Senegal’s Royal Pelican Palace
From Saint-Louis, a crumbling French colonial outpost that was the capital of Senegal until 1957, we took a day-trip north to the Parc National des Oiseaux du Djoudj. Birds come by the millions each winter to nest and feast in the park's wetlands along the Senegal river. Our Senegalese guide, Djibi, helped us identify some of the 400-plus bird species that have been spotted here. A sign above the dock where we hired a pirogue (a small motorized boat) said, “Bienvenue l’Embarcadère du Djoudj, ou le Pelican est Roi.” Welcome to the Pier of Djoudj, where the Pelican is King.
Our pirogue driver cruised us along a wide river through the pelicans’ 40,000-acre kingdom. An alert kingfisher with crisp black and white wings and a dagger of a beak stood guard near the dock. A few white pelicans floated nearby, looking confident with their wings lifted just a little bit, like swans. Another flock zoomed above us in an elegant arrow.
Further along, a group of white-breasted cormorants, in charcoal-colored coats with creamy cravats, rested in a dead tree. And in the water, hundreds of cormorants swam with just their long necks sticking above the surface. They would dive down together in a wave and a few would come back up holding a wriggling meal. We also saw anhingas with serpentine necks, bright green bee-eaters, and osprey soaring high above. A fish eagle in a white hood with a brown body, similar to a bald eagle, overlooked it all. As we picked up speed, I looked back and watched as about a dozen terns flew right behind us, fishing for minnows churned up in our wake.

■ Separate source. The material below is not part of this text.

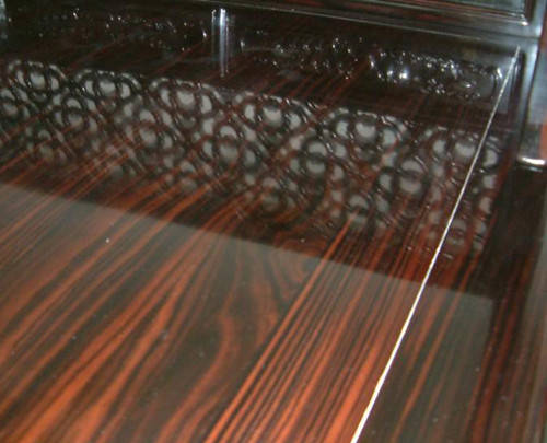 有些产品虽然是用红木制作,但是,经过仔细检查,则可以发现其产品是将红木劈开成薄片,贴在其他木材的表面伪装而成的,并非是真正的纯红木家具。

After about a half hour, we reached the pelicans’ palace. It was an artificial island, created by park employees as a predator-free sanctuary for the birds. On it sat thousands of pelicans, wing to wing, a squawking sea of giant beaks and white feathers. The smell was overwhelming. Our guide, Djibi, told us that the birds were nesting. They arrive around November and leave around April with hundreds of offspring. The pirogue driver turned off the engine, and we sat and listened to this royal family's raucous music.
12/21/2011 05:24:29 am
Oh my, look at all those pelicans! Love it. We got married at the Pelican Inn on Muir Beach, which you might have visited during your time in the Bay Area, so I now have a soft spot for these birds. Plus, there were always plenty on my running route along the Marina, so they remind me of my time in San Francisco!
12/21/2011 06:43:16 pm
Thanks for the note, Camels & Chocolate! Yes, I love Muir Beach and Pelican Inn. What a magical spot to get married. The pelicans here in Senegal are a foot or two larger than any I've seen before. It's so impressive to see them soaring above.
12/21/2011 11:48:38 pm
What an interesting place. You describe it beautifully, Jennica!
12/23/2011 09:18:01 am
Oh, a wondrous bird is the pelican!
1/25/2012 02:44:09 am
I saw one pelican while jogging around Lake Merritt! The smell there was also overwhelming.